Rheumatoid arthritis (RA) is a common chronic inflammatory disease causing joint damage, disability, and reduced life expectancy. Highly effective drugs are now available for the treatment of RA. However, poor adherence to drug regimens remains a significant barrier to improving clinical outcomes in RA. Poor adherence has been shown to be linked to patients’ beliefs about medicines with a potential impact on adherence. These beliefs are reported to be different between ethnic groups. The purpose of this study was to identify potential determinants of adherence to disease modifying anti-rheumatic drugs (DMARDs) including an assessment of the influence of beliefs about medicines and satisfaction with information provided about DMARDs and compare determinants of adherence between RA patients of White British and South Asian.


RA patients of either White British (n = 91) or South Asian (n = 89) origin were recruited from secondary care. Data were collected via questionnaires on patients’: (1) self-reported adherence (Medication Adherence Report Scale-MARS); (2) beliefs about medicines (Beliefs about Medicines Questionnaire-BMQ); (3) illness perceptions (Illness Perceptions Questionnaire-IPQ) and (4) satisfaction with information about DMARDs (Satisfaction with Information about Medicines questionnaire-SIMS). In addition, clinical and demographic data were collected.

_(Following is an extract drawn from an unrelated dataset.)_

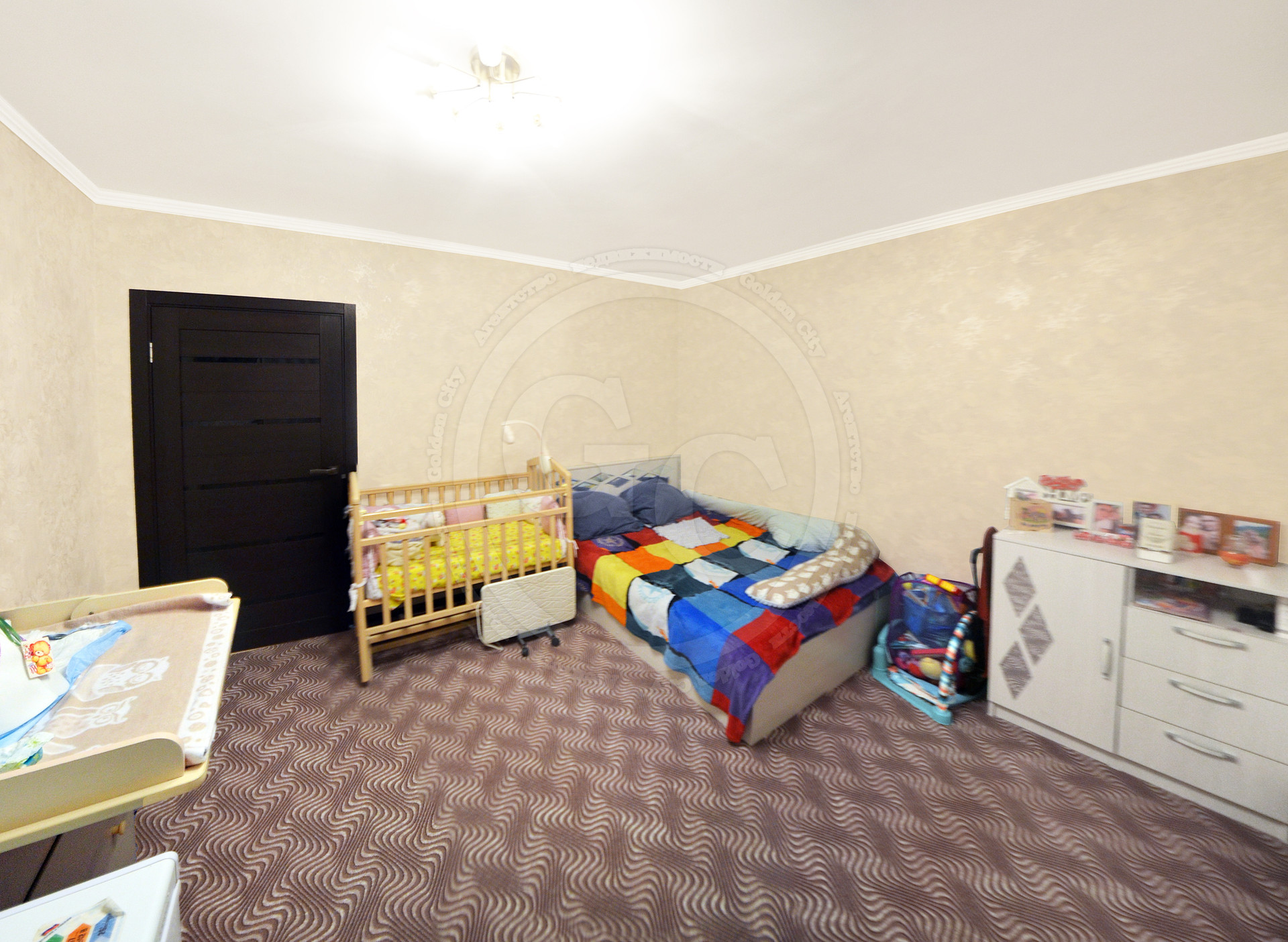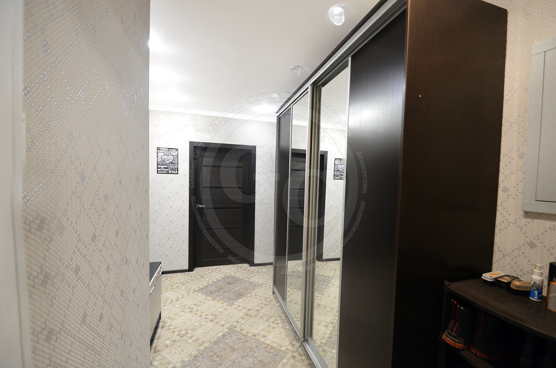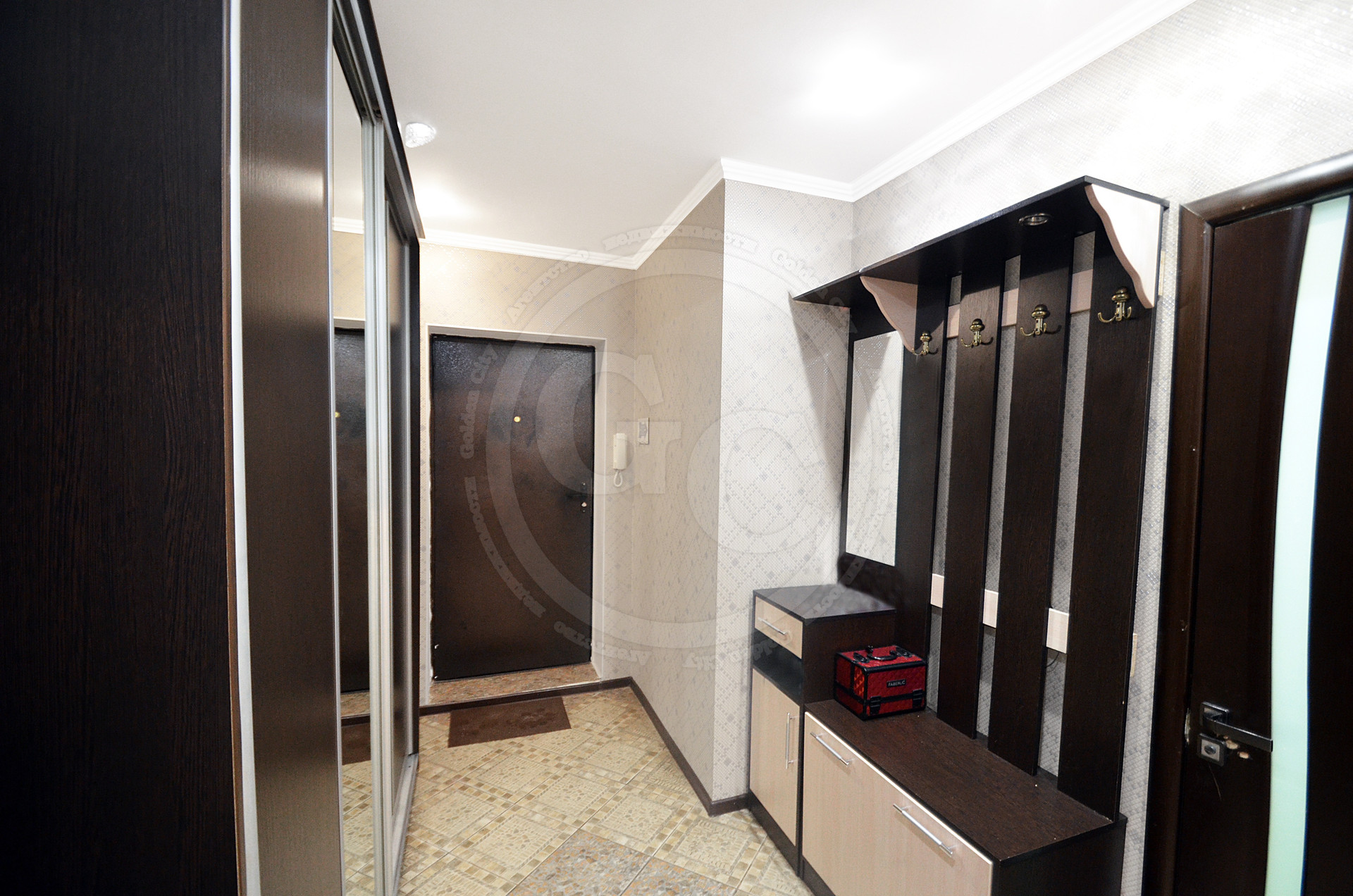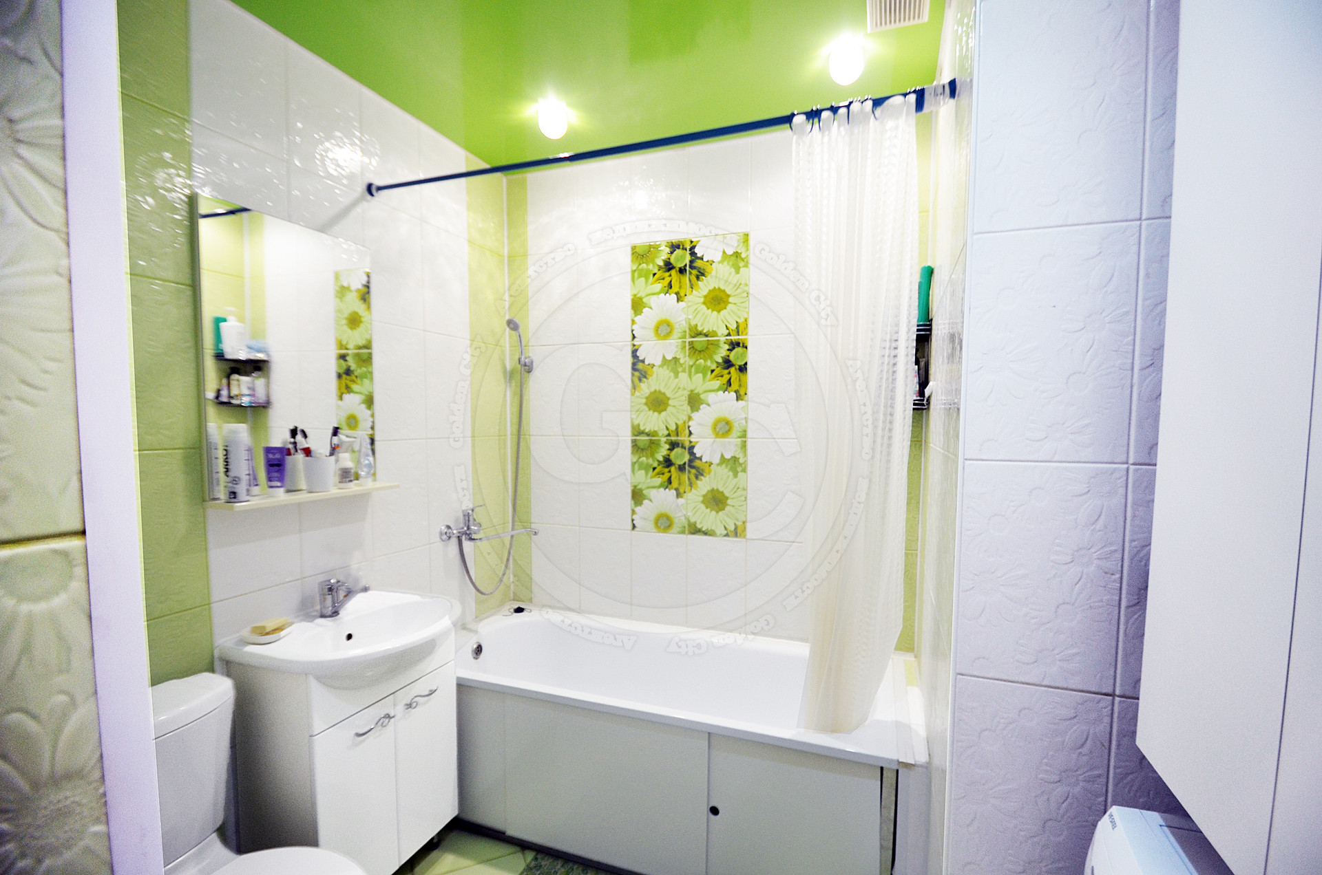 На кухне, в прихожей и в ванной комнате белый выровненный потолок с центральным и точечным освещением, что придает комнатам равномерный свет. Стены в комнате, коридоре и на кухне оклеены качественными обоями. В жилой комнате на пол постелили новый ковролин с термоизоляционным слоем. Вся прихожая и зона рабочей площади на кухне в плитке. В ванной комнате стены и пол отделаны плиткой в приятной цветовой гамме.
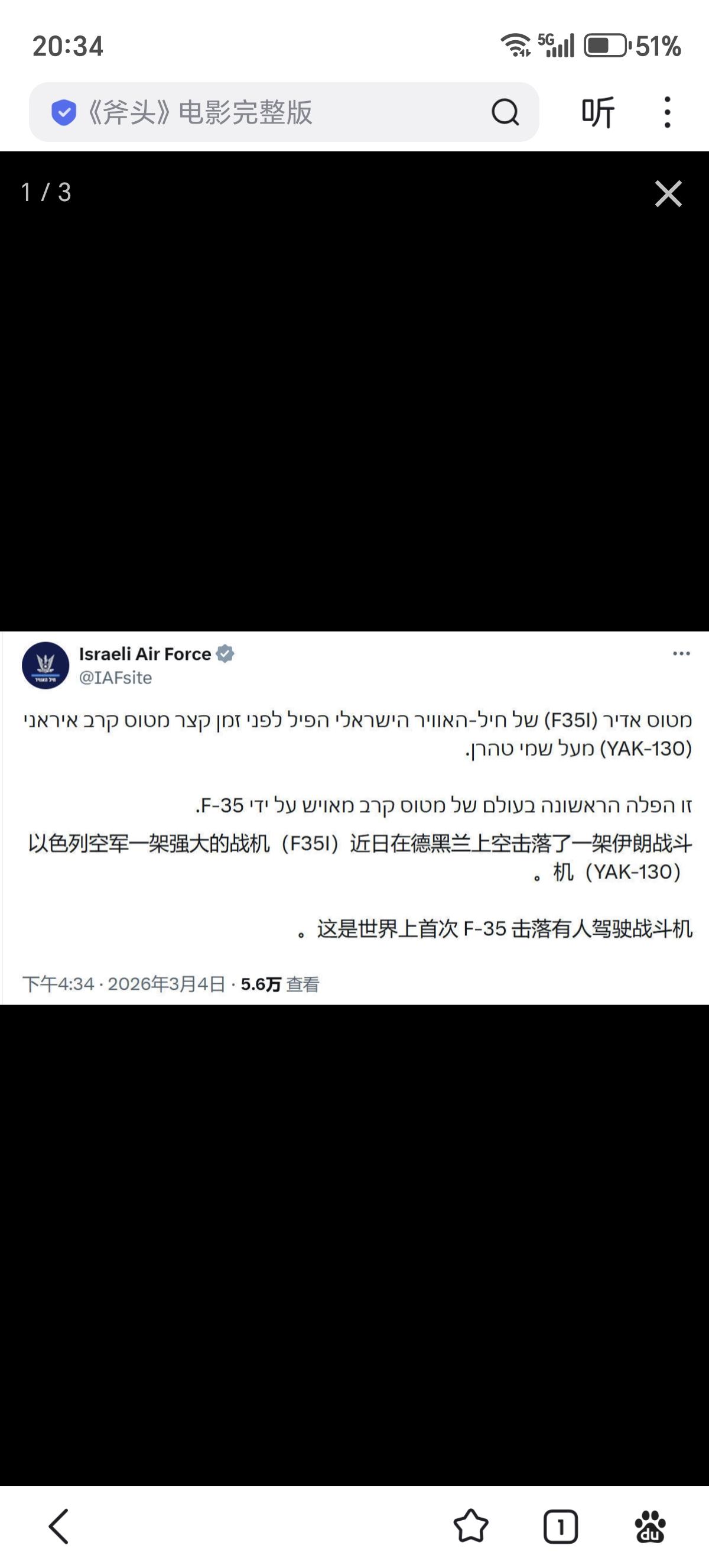 以色列空军在社交媒体上宣布:以军F-35I战斗机在德黑兰上空击落了一架伊朗空军的雅克-130教练机。 然后嘚瑟的写道,这是世界上首次F-35击落有人驾驶战机! 伊朗空军真是被逼急眼了,连压箱底的雅克130教练机,都派出去玩空战保卫德黑兰。 没办法,现在伊朗空军已经没什么飞机能用! 不过,真不知道以色列有啥好得瑟的,大人打小孩还得意洋洋,F-35I击落雅克-130也纯属是欺负人,毕竟差距那么多。

The results revealed that socio-demographic factors only explained a small amount of variance in adherence whereas illness representations and treatment beliefs were more substantial in explaining non-adherence to DMARDs. Patients’ self-reported adherence was higher in White British than South Asian patients (median 28 (interquartile range 26–30) vs median 26 (interquartile range 23–30) respectively; P = 0.013, Mann–Whitney test). Patients who reported lower adherence were more dissatisfied with the information they had received about their DMARDs (P < 0.001, Spearman correlation, SIMS action and usage subscale; P < 0.001, Spearman correlation, SIMS potential problems subscale) and had more negative beliefs about their DMARDs and were related to ethnicity with South Asian patients having more negative views about medicines.


Socio-demographic factors were found to explain a small amount of variance in adherence. Illness representations and treatment beliefs were more important in explaining non-adherence to DMARDs. Clinicians managing South Asian patients with RA need to be aware that low adherence may be linked to negative beliefs about medicines and illness representations of RA.